I would argue that I sure have been guilty of this.
Let me make my case here. Please read closely. I think that identifying the correct genre within the various books of the Bible is absolutely critical to understanding what the author tried to convey. Some may not be familiar with the word ‘genre’, for which I supply what dictionary.com has to offer:
-of or pertaining to a distinctive literary type.

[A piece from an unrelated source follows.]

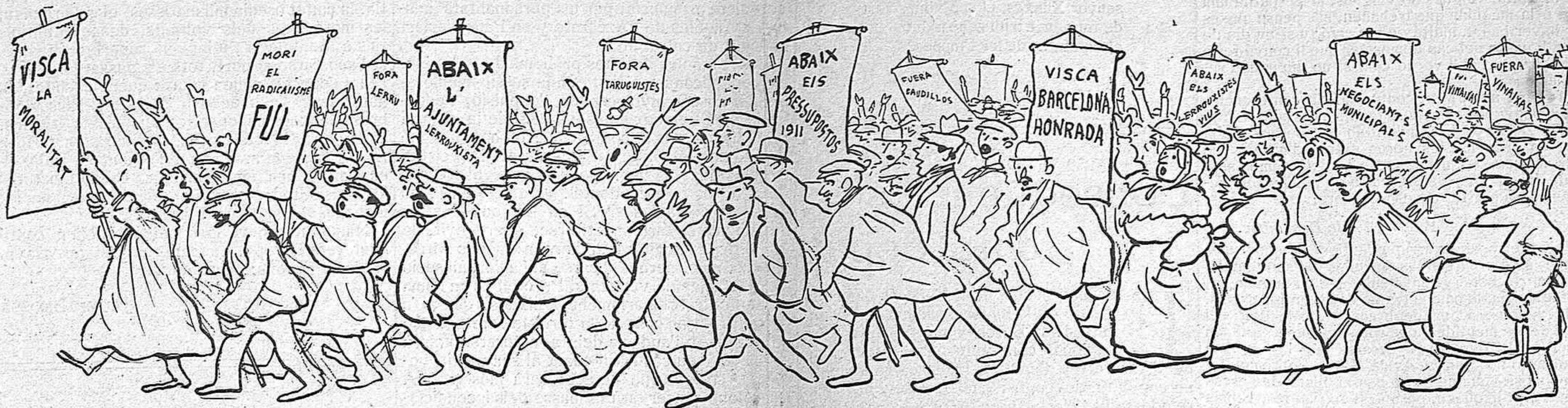
Ab un'altra victòria com aquesta, lo qu'es l'Ajuntament ja pot plegar.

The Bible has an abundance of different genres. Here are a few off the top of my head: prophetic, narrative, wisdom, parable, apocalyptic, poetry, covenants, etc. Each of these pieces of literature has certain restrictions and, more importantly, have certain expectations for readers. It would be wrong for me to read a poetry passage the same way I would read a narrative section of Scripture. One of the main problems raised by believers in my circles is that most of the Christian world fails to see that John 1:1-18 is precisely poetry, and thereby misses out on a dynamic which the author is trying to extend to readers. Another example of confusion common to Bible readers is a reading a Genesis chs. 1-2 as science instead of theological cosmology. More could be said on these two examples, but I’ll press on for the time being.
Readers of a newspaper have different sets of expectations when reading the front cover than when they get to the comics. Even today’s movies are organized by comedy, drama, action, thriller, documentary, etc. To confuse an action movie, such as the film The Da Vinci Code, with a documentary, would lead to many thinking that all the details of the movie are truly factual.
Back to the Bible. I assume that most of my readers thus far would agree that the Bible has different genres. The problem is, most Christians don’t read the Bible as if it has more than one to distinguish. Rather, we tell ourselves that the Bible only has one single genre; a prophetic genre. We think that the Bible must, by necessity, have something in nearly every single passage that speaks to us as individuals directly in the year 2010. We call this by many names, such as personal application, or life meanings, or whatever. When we choose to ignore the distinctive features of genre found in the Bible, the text gets reduced to merely “What is it telling me today?”
One of my biggest pet peeves is people using Jeremiah 29:11 as a verse which God has for them as an individual. Most of you know it, or perhaps have heard it before, “For I know the plans that I have for you,’ declares the LORD, ‘plans for welfare and not for calamity to give you a future and a hope.” The problem is, this was written to the historical Jeremiah, not to me, or you, or your best friend. Some may feel threatened by my assumption, but if you don’t believe me, read the context. The previous two verses should be enough to show that this cannot refer to anyone in 2010, or 1999, or 300 C.E.
Let me be clear what I am not saying. I am not saying that God does not have a plan for you, or that you cannot use this verse for moral comfort. What I am saying is that this verse was written in a context, and that was to the prophet Jeremiah, not to me. It has a specific meaning for him and that should be given top priority.
Another example is the parable found at the beginning of Luke 16:1f, sometimes labeled the ‘Unrighteous Steward.’ I challenge anyone to try and read this with a 2010 application; I don’t think it can be done. It makes the best sense in the contexts of Jesus’ ministry as being told to his opponents. Again, the tendency to read it as prophetic for the year 2010 seems to miss the point.
Where am I going with this? My point is that if we simplify the Bible too far, we lose significant information and are in danger of accidently distorting what the original authors intended for their readers to hear and understand. Yes, the Bible has clear and specific points of application for all readers, such as the call to repentance and belief in the gospel. Yet the Bible also has context specific instructions, like the command to the Corinthians to greet one another with a holy kiss (does anyone still do this today?)
Scholars who are trained to recognize genre have a lot of help the church in this area. I recently have asked myself, “What is a Gospel?” I always assumed that they are histories, similar to what I read in US History in High School. Many scholars today have pinned the ancient Gospels found in the New Testament as Greco-Roman biographies, of which we have many others which survived from the same time period (over ten others). It seems that they are ancient biographies of Jesus shaped by resurrection faith and distinctives of the various four authors. I could say more on this, but I’d rather open things up for comments. Here are my questions to those who are still reading:
-Do you only read the Bible as if it had a personal meaning for you in every passage?
-Does recognizing genre and taking the various forms of it found within the pages of Scripture diminish the Bible in any way or does it enhance it? Why?